FLOAT: Factorized Learning of Object Attributes for Improved Multi-object Multi-part Scene Parsing
It addresses the challenging task of parsing multiple objects and their parts in scenes, with incremental improvements in segmentation quality for computer vision applications.
The paper tackles multi-object multi-part scene parsing by proposing FLOAT, a factorized label space framework with an inference-time zoom refinement technique, achieving absolute improvements of 2.0-8.6% in mIOU and 3.9-7.5% in sqIOU across Pascal-Part datasets.

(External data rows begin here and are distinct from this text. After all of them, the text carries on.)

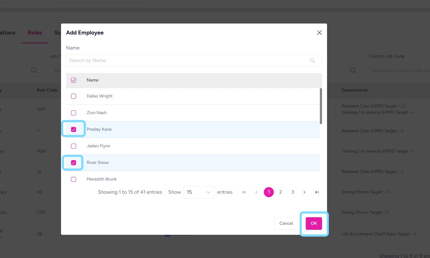 10. Select the checkboxes next to the employees to be added to this role.
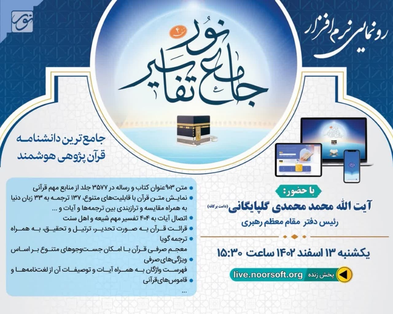 در آستانه ماه مبارک رمضان، از نرمافزار جامع تفاسیر نور نسخه 4 رونمایی خواهد شد!
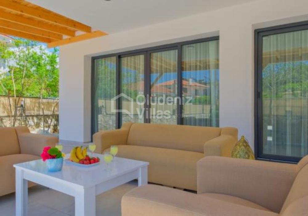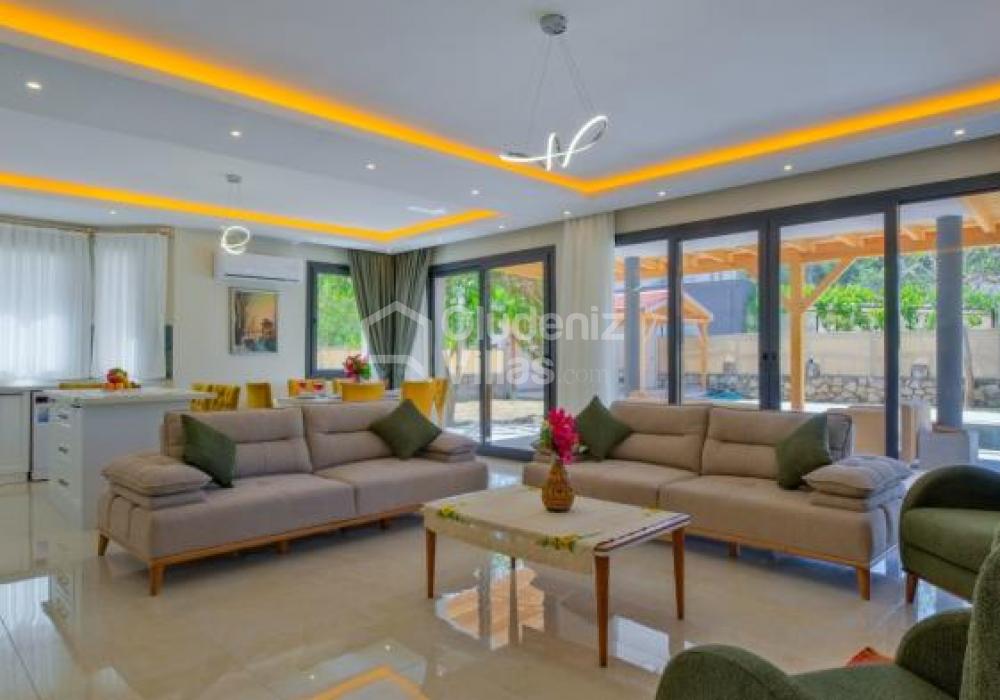 Salonunda 8 Kişilik yemek masası ve TV ile birlikte oturma grupları yer almaktadır.

Multi-object multi-part scene parsing is a challenging task which requires detecting multiple object classes in a scene and segmenting the semantic parts within each object. In this paper, we propose FLOAT, a factorized label space framework for scalable multi-object multi-part parsing. Our framework involves independent dense prediction of object category and part attributes which increases scalability and reduces task complexity compared to the monolithic label space counterpart. In addition, we propose an inference-time 'zoom' refinement technique which significantly improves segmentation quality, especially for smaller objects/parts. Compared to state of the art, FLOAT obtains an absolute improvement of 2.0% for mean IOU (mIOU) and 4.8% for segmentation quality IOU (sqIOU) on the Pascal-Part-58 dataset. For the larger Pascal-Part-108 dataset, the improvements are 2.1% for mIOU and 3.9% for sqIOU. We incorporate previously excluded part attributes and other minor parts of the Pascal-Part dataset to create the most comprehensive and challenging version which we dub Pascal-Part-201. FLOAT obtains improvements of 8.6% for mIOU and 7.5% for sqIOU on the new dataset, demonstrating its parsing effectiveness across a challenging diversity of objects and parts. The code and datasets are available at floatseg.github.io.